The reason for incorrect number of updated/deleted rows is that
a data structure used for binding positional argument with its
actual values is stored in THD (this is thd->bulk_param) and reused
on processing every INSERT/UPDATE/DELETE statement. It leads to
consuming actual values bound with top-level UPDATE/DELETE statement
by other DML statements used by triggers' body.
To fix the issue, reset the thd->bulk_param temporary to the value
nullptr before invoking triggers and restore its value on finishing
its execution.
The second part of the problem relating with wrong value of affected
rows reported by Connector/C API is caused by the fact that diagnostics
area is reused by an original DML statement and a statement invoked
by a trigger.

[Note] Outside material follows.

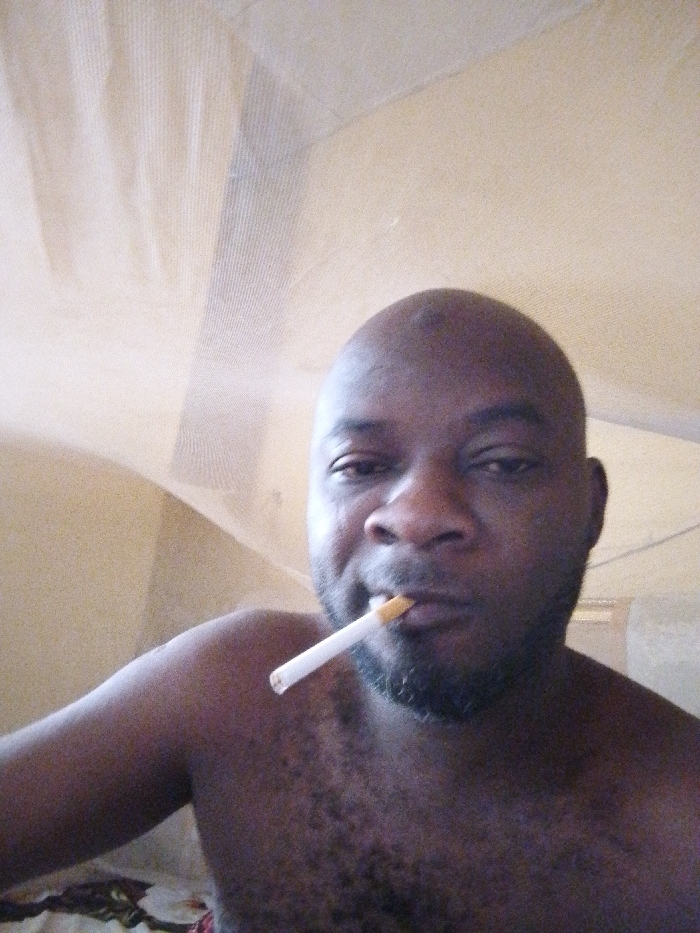 An adult male is depicted indoors in Babban Giji, Nigeria. He is dark-skinned, bald, and has a short beard and mustache. He appears shirtless, with visible hair on his chest and left shoulder. A white cigarette with an orange filter is held horizontally in his mouth. The man is looking directly at the camera. Above and behind him, a translucent, light-colored mosquito net is visible, creating vertical and diagonal folds against a light-colored wall or ceiling. A small section of patterned fabric is discernible in the lower-left corner of the frame.

This fact should be take into account on finalizing a
state of diagnostics area on completion running of a statement.
Important remark: in case the macros DBUG_OFF is on, call of the method
Diagnostics_area::reset_diagnostics_area()
results in reset of the data members
m_affected_rows, m_statement_warn_count.
Values of these data members of the class Diagnostics_area are used on
sending OK and EOF messages. In case DML statement is executed in PS bulk
mode such resetting results in sending wrong result values to a client
for affected rows in case the DML statement fires a triggers. So, reset
these data members only in case the current statement being processed
is not run in bulk mode.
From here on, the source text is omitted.